Where Is God Located In the Brain? Importance of Religion Is Related To Thickness Of The Cerebral Cortex (Dec 30, 2013 05:12 PM By Susan Scutti)
Made entirely of gray matter and distinguished by its characteristic folds, the cerebral cortex is the brain's outermost layer covering the hemispheres. Now, researchers from New York State Psychiatric Institute and Columbia University found the importance of religion or spirituality to individuals may be linked to the thickness of their cerebral cortices. “Importance of religion or spirituality, but not frequency of [house of worship] attendance, was associated with thicker cortices in the left and right parietal and occipital regions, the mesial frontal lobe of the right hemisphere, and the cuneus and precuneus in the left hemisphere,” wrote the authors in their study, published this month in JAMA Psychology. Significantly, this relationship between spiritual importance and cortex thickness was observed to be strongest among those at high risk of depression.
Depression Related to Importance of Divinity
In their previous work, the team of researchers reported that among adults in families at high risk for major depression, those that expressed a strong interest in their spirituality had a 90 percent decreased risk of the illness when compared to those who did not find religion so important. The team of colleagues also showed in a previous study that high-risk adults showed large expanses of cortical thinning across the lateral surface of the right hemisphere of the brain. For their new study, the team returned to this issue of cerebral cortex thickness. They began by questioning 103 adults between the ages of 18 and 54 about the importance of spirituality in their lives and how often they attended religious services. Then, they repeated these questions after five years. Some participants were the children or grandchildren of participants in an earlier study about depression and so were deemed at high risk for the illness; others had no family history of this mental illness and so served as a comparison group. The researchers imaged the brains of all the participants to determine the thickness of the cortices. What did they discover?

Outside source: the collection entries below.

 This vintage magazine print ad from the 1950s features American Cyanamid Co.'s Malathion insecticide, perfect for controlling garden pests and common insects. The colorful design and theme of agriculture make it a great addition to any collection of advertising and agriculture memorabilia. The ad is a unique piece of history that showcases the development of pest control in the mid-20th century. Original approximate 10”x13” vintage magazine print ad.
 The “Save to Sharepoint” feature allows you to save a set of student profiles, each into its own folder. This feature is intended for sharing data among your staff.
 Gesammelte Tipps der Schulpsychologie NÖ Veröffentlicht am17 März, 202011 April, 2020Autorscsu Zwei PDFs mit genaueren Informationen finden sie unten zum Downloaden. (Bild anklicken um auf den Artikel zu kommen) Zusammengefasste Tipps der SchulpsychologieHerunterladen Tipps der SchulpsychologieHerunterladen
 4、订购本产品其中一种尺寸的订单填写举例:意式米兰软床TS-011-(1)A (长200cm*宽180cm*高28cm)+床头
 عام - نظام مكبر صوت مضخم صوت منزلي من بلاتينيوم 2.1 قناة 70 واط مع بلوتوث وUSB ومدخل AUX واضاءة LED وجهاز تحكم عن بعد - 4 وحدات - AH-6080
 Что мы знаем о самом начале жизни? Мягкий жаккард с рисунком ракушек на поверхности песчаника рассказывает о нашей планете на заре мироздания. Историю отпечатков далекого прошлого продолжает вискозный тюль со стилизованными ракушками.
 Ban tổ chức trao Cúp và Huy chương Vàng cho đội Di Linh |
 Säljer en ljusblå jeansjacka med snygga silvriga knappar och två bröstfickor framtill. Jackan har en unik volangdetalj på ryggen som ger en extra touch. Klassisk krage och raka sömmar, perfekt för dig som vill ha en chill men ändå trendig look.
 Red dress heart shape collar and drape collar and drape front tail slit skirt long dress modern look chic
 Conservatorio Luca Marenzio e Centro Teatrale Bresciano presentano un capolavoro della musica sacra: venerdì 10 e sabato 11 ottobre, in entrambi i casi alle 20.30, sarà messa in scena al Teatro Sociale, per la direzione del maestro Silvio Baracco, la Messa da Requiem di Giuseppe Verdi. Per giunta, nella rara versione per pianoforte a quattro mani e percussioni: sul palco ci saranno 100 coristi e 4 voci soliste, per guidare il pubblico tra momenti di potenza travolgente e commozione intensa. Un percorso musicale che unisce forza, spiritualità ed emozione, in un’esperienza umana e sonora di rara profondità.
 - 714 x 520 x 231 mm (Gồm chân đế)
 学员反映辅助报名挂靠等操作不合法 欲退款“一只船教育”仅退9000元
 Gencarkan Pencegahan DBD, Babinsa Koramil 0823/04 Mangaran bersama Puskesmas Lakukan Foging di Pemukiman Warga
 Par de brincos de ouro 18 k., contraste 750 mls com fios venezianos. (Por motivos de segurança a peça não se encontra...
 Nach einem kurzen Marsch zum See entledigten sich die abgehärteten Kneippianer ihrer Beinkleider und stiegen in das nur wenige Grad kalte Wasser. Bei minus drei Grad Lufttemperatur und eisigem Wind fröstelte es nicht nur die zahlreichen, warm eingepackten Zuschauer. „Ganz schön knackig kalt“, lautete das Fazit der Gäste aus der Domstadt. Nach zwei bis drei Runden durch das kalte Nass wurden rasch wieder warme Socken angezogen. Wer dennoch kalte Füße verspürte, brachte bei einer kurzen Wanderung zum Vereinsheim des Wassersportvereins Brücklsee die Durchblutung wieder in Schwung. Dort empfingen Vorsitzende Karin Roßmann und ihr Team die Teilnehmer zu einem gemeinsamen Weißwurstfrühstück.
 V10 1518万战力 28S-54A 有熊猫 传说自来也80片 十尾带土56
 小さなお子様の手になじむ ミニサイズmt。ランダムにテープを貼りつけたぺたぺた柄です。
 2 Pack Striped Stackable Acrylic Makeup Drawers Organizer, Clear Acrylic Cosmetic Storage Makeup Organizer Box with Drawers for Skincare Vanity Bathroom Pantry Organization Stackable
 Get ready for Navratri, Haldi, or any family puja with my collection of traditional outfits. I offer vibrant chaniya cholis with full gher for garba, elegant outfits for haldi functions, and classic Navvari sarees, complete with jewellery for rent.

Those who expressed a stronger spiritual bent also displayed thicker cortices above both the left and right hemispheres. Trying to explain their results, the researchers wrote, “A thicker cortex associated with a high importance of religion or spirituality may confer resilience to the development of depressive illness in individuals at high familial risk for major depression, possibly by expanding a cortical reserve that counters to some extent the vulnerability that cortical thinning poses for developing familial depressive illness.”
Significantly, the researchers stated that their findings are simply correlational; importance of religion does not necessarily cause greater thickness, or vice versa. In an unrelated study, University of Missouri scientists, who similarly searched the brain for signs of spirituality, found that transcendence is associated with decreased right parietal lobe functioning, while other aspects of spiritual functioning are related to increased activity in the frontal lobe.
Location of Spirituality in the Brain
"We have found a neuropsychological basis for spirituality, but it's not isolated to one specific area of the brain," Brick Johnstone, professor of health psychology, stated in a press release. For the study published last year in the International Journal for the Psychology of Religion, Johnstone and his colleagues studied 20 people with traumatic brain injuries that affected the right parietal lobe, the area of the brain situated a few inches above the right ear. The team questioned participants about their spiritual beliefs, asking how close they felt to a higher power, and if they considered their lives to be part of a divine plan.
They discovered those participants with more significant injury to their right parietal lobe expressed a feeling of greater closeness to a higher power. "Neuropsychology researchers consistently have shown that impairment on the right side of the brain decreases one's focus on the self," Johnstone said, noting that previous studies of Buddhist monks and Franciscan nuns with fully-functioning brains have shown decreased activation in the right inferior parietal lobe during deep meditation and prayer. "Since our research shows that people with this impairment are more spiritual, this suggests spiritual experiences are associated with a decreased focus on the self."
Johnstone also measured the frequency of participants' religious practices, such as how often they attended church or listened to religious programs. He compared these measurements to activity rates in the frontal lobe and found a connection between increased activity in this part of the brain and increased participation in religious practices. "This finding indicates that spiritual experiences are likely associated with different parts of the brain," Johnstone said. "Certain parts of the brain play more predominant roles, but they all work together to facilitate individuals' spiritual experiences."
Sources: Miller L, Vansal R, Wickramaratne P, et al. Neuroanatomical Correlates of Religiosity and Spirituality, A Study in Adults at High and Low Familial Risk for Depression. JAMA Psychiatry. 2013.
Johnstone B, Bodling A, Cohen D, et al. Right Parietal Lobe-Related “Selflessness” as the Neuropsychological Basis of Spiritual Transcendence. The International Journal for the Psychology of Religion. 2012.